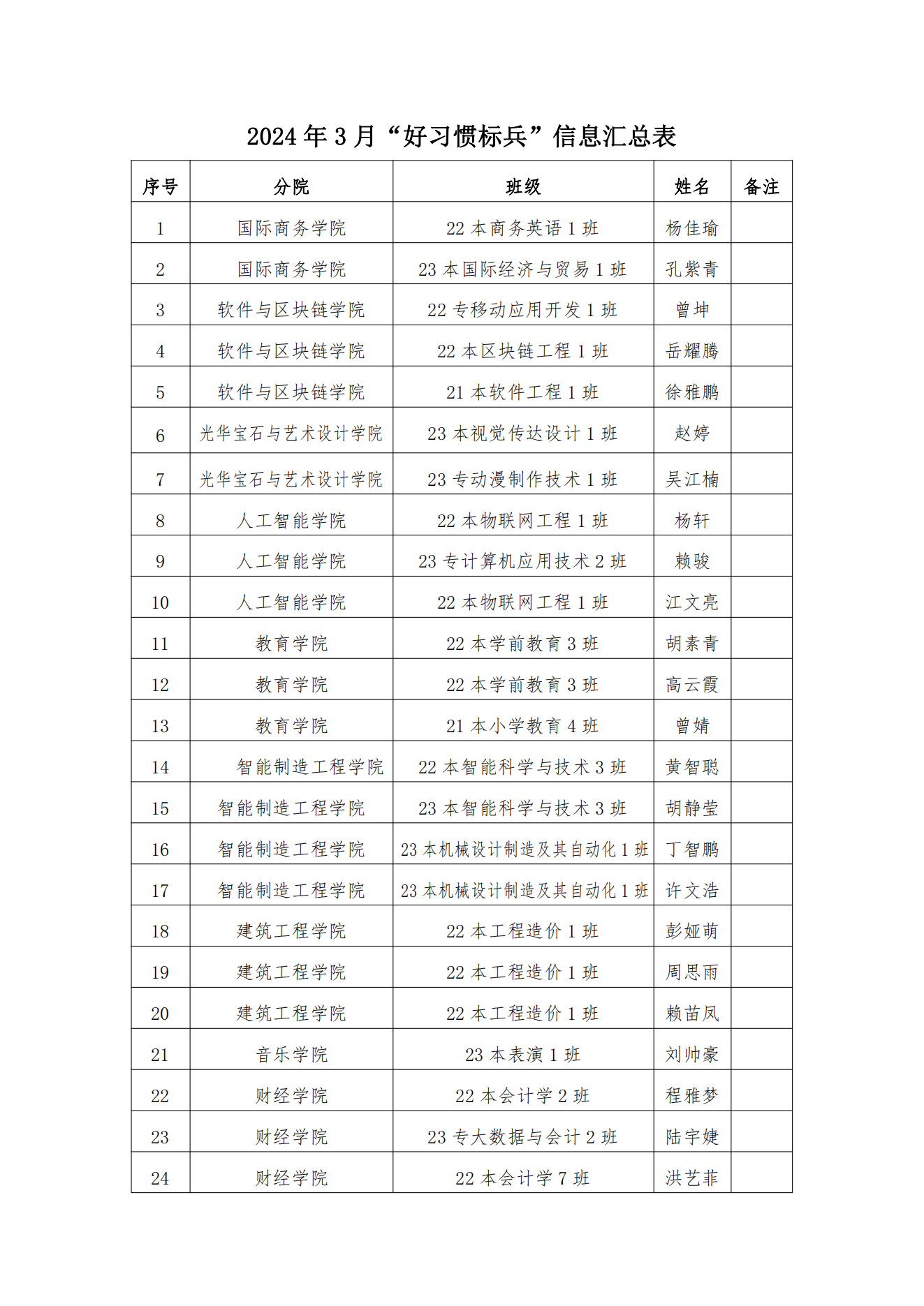 附件:2024 年3月份“好习惯标兵”信息汇总表
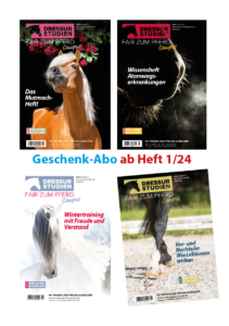 Wer nichts bestellt, kann ebenfalls mitmachen, indem er uns eine Mail an gewinnspiel@dressur-studien.de sendet. Diese Mail nimmt an dem Tag an der Verlosung teil, an dem wir sie erhalten haben.
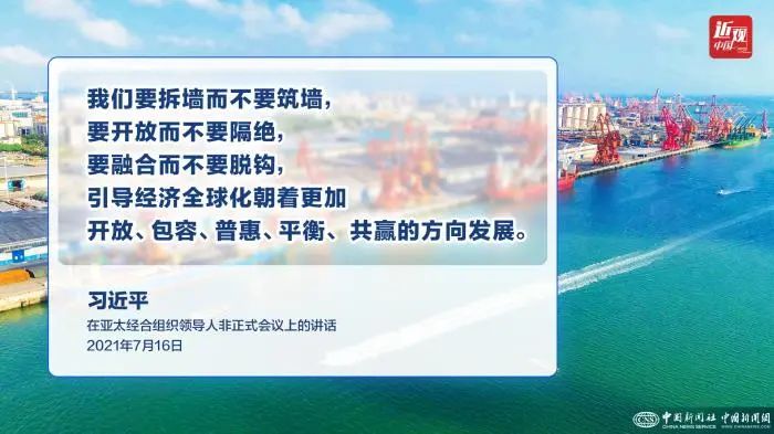 2021年7月16日,国家主席习近平应邀在北京以视频方式出席亚太经合组织领导人非正式会议并发表讲话。

Work item -
Leaving the pictures out, set down all of the data again exactly.

Result for this task -
 附件:2024 年3月份“好习惯标兵”信息汇总表
 Wer nichts bestellt, kann ebenfalls mitmachen, indem er uns eine Mail an gewinnspiel@dressur-studien.de sendet. Diese Mail nimmt an dem Tag an der Verlosung teil, an dem wir sie erhalten haben.
 2021年7月16日,国家主席习近平应邀在北京以视频方式出席亚太经合组织领导人非正式会议并发表讲话。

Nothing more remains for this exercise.